Observed that there are 2 missing values, drop these as they are very less

In [None]:
#drop the nullvalues
train_df.dropna(inplace=True)

In [None]:
train_df.isnull().sum()

In [None]:
train_df.dtypes # datatypes

The datatypes of Date_of_journey,Arrival_Time and Dep_Time is object.
So, we convert it into date and time for proper predicion.
dt.day method will extract only day of that date
dt.month method will extract only month of that date

In [None]:
def change_into_datetime(col):
    train_df[col]=pd.to_datetime(train_df[col])

In [None]:
train_df.columns

In [None]:
for i in ['Date_of_Journey','Dep_Time', 'Arrival_Time']:
    change_into_datetime(i)

In [None]:
train_df.dtypes

Finding the categorical value

In [None]:
column=[column for column in train_df.columns if train_df[column].dtype=='object']
column

Finding the numerical value

In [None]:
numerical_col =[column for column in train_df.columns if train_df[column].dtype!='object']
numerical_col

In [None]:
# Distribution of flight prices
plt.figure(figsize=(10,6))
sns.histplot(train_df['Price'], kde=True)
plt.title('Distribution of Flight Prices')
plt.xlabel('Price')
plt.ylabel('Frequency')
plt.show()

In [None]:
# Count plot of airlines
plt.figure(figsize=(12,6))
sns.countplot(y='Airline', data=train_df, order=train_df['Airline'].value_counts().index)
plt.title('Number of Flights by Airline')
plt.xlabel('Count')
plt.ylabel('Airline')
plt.show()

In [None]:
# Count plot for Source and Destination
fig, ax = plt.subplots(1, 2, figsize=(14, 6))

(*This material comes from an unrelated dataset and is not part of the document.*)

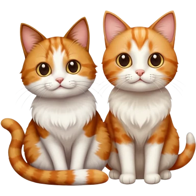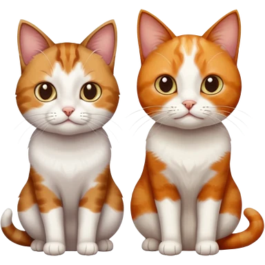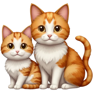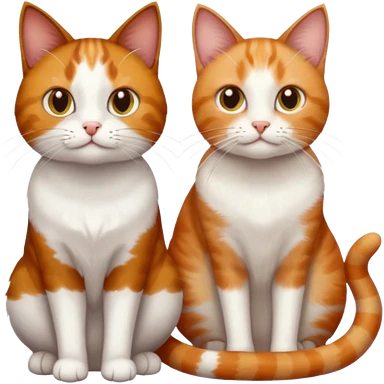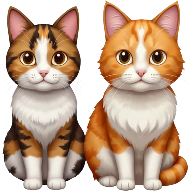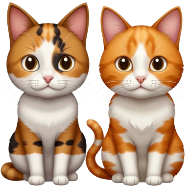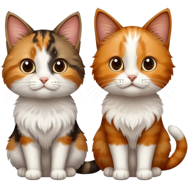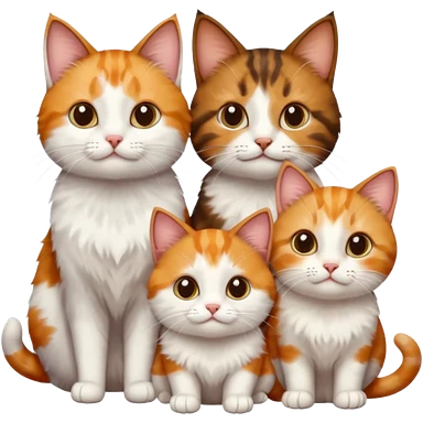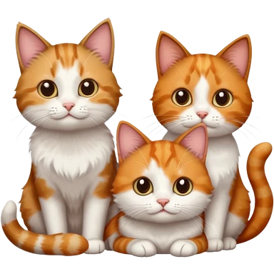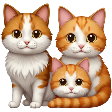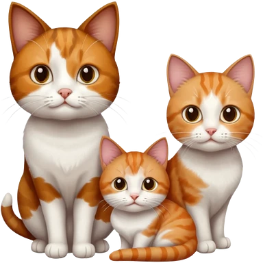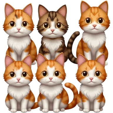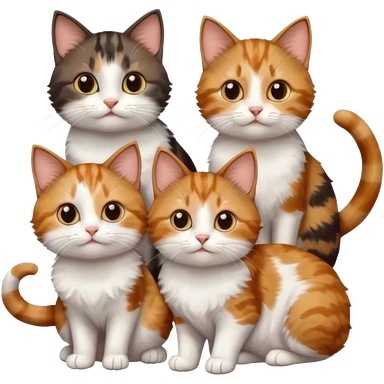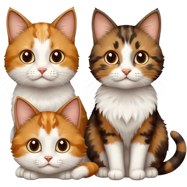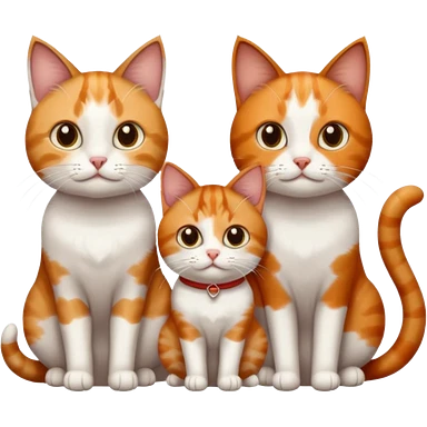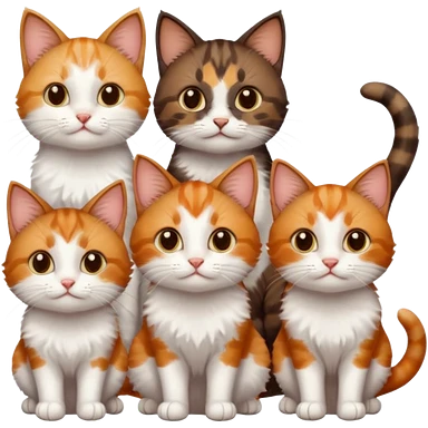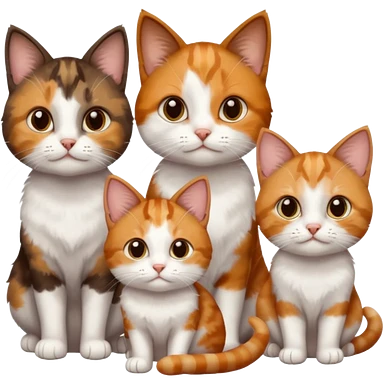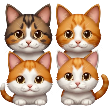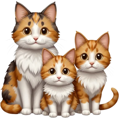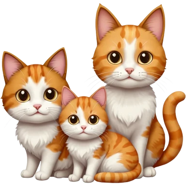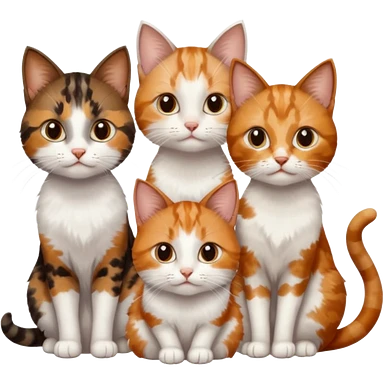3 different coloured small cats including a dark brown tabby and white, and a patchy calico, and a ginger and white emoji

sns.countplot(data=train_df, x='Source', ax=ax[0])
ax[0].set_title("Flight Source Distribution")
ax[0].tick_params(axis='x', rotation=45)

sns.countplot(data=train_df, x='Destination', ax=ax[1])
ax[1].set_title("Flight Destination Distribution")
ax[1].tick_params(axis='x', rotation=45)

plt.tight_layout()
plt.show()

In [None]:
# Boxplot to see variation of price with different Airlines
plt.figure(figsize=(14,6))
sns.boxplot(data=train_df, x='Airline', y='Price')
plt.xticks(rotation=45)
plt.title('Flight Price by Airline')
plt.show()

In [None]:
# Checking correlation heatmap (numerical features only)
plt.figure(figsize=(10,6))
sns.heatmap(train_df.corr(numeric_only=True), annot=True, cmap='coolwarm', fmt='.2f')
plt.title("Correlation Heatmap")
plt.show()

Combine train_df and test_df into a single DataFrame

In [None]:
# 🔍 Display the first few records of the training dataset
train_df.head()

In [None]:
final_df.tail()

In [None]:
# 📏 Check the shape (rows, columns) of the datasets
print('Train shape:', train_df.shape)
print('Test shape:', test_df.shape)

In [None]:
# 📊 Summary statistics for numerical features
train_df.describe()

In [None]:
final_df.isnull().sum()

In [None]:
# ℹ️ Overview of dataset including data types and missing values
train_df.info()

## Feature Engineering

### Numerical Values

In [None]:
final_df['Date']=final_df['Date_of_Journey'].str.split('/').str[0]
final_df['Month']=final_df['Date_of_Journey'].str.split('/').str[1]
final_df['Year']=final_df['Date_of_Journey'].str.split('/').str[2]

In [None]:
final_df.head(2)

In [None]:
final_df['Date']=final_df['Date'].astype(int)
final_df['Month']=final_df['Month'].astype(int)
final_df['Year']=final_df['Year'].astype(int)

In [None]:
# ℹ️ Overview of dataset including data types and missing values
train_df.info()

In [None]:
final_df.drop('Date_of_Journey', axis=1, inplace=True)

In [None]:
final_df.head(2)

In [None]:
final_df['Arrival_Time']=final_df['Arrival_Time'].apply(lambda x: x.split(' ')[0])

In [None]:
final_df['Arrival_hour']=final_df['Arrival_Time'].str.split(':').str[0]
final_df['Arrival_min']=final_df['Arrival_Time'].str.split(':').str[1]

In [None]:
# 🔍 Display the first few records of the training dataset
train_df.head()

In [None]:
final_df['Arrival_hour']=final_df['Arrival_hour'].astype(int)
final_df['Arrival_min']=final_df['Arrival_min'].astype(int)

In [None]:
# ℹ️ Overview of dataset including data types and missing values
train_df.info()

In [None]:
final_df.drop('Arrival_Time', axis=1, inplace=True)

In [None]:
final_df.head(1)

In [None]:
final_df['Dep_hour']=final_df['Dep_Time'].str.split(':').str[0]
final_df['Dep_min']=final_df['Dep_Time'].str.split(':').str[1]
final_df.drop('Dep_Time', axis=1, inplace=True)

In [None]:
final_df['Dep_hour']=final_df['Dep_hour'].astype(int)
final_df['Dep_min']=final_df['Dep_min'].astype(int)

In [None]:
# ℹ️ Overview of dataset including data types and missing values
train_df.info()

In [None]:
final_df['Total_Stops'].unique()

In [None]:
final_df['Total_Stops']=final_df['Total_Stops'].map({'non-stop':0,'1 stop':1,'2 stops':2,'3 stops':3,'4 stops':4,'nan':1})

In [None]:
final_df.drop('Route',axis=1, inplace=True)

In [None]:
# 🔍 Display the first few records of the training dataset
train_df.head()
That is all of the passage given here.